• [Action item]
A stretch of the entries below is to be set down exactly, running from the line with "POTS, BOCAUX, BOUTELLES" through the line with "Les opercules, capsules", both included, and no other line.

• [Task inputs]
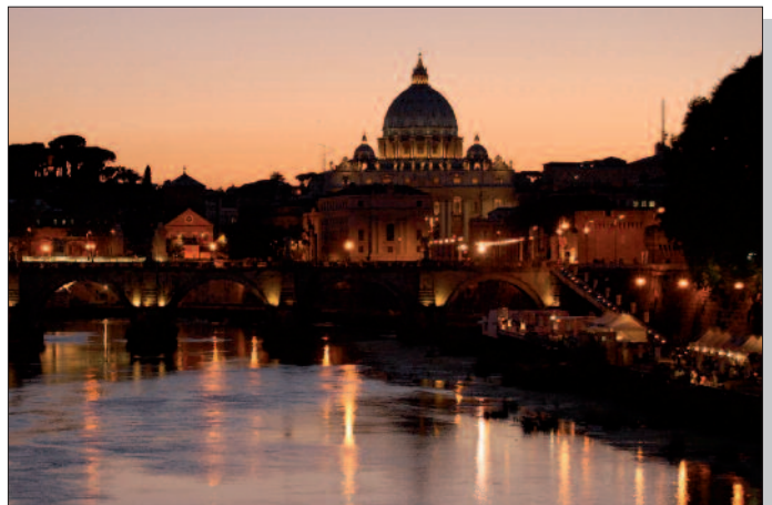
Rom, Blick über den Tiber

--

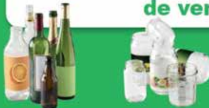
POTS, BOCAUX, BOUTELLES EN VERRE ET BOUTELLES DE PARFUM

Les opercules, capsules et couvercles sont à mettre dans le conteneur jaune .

* * *

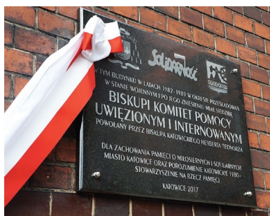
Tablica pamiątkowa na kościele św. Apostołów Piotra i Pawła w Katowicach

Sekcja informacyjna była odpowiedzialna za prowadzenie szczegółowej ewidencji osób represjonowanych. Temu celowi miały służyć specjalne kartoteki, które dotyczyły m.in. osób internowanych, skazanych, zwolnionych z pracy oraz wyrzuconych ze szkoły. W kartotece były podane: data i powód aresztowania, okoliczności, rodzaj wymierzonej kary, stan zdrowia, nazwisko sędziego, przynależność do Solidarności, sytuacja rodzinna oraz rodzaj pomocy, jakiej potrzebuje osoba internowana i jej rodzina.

• [Answer box]
POTS, BOCAUX, BOUTELLES EN VERRE ET BOUTELLES DE PARFUM

Les opercules, capsules et couvercles sont à mettre dans le conteneur jaune .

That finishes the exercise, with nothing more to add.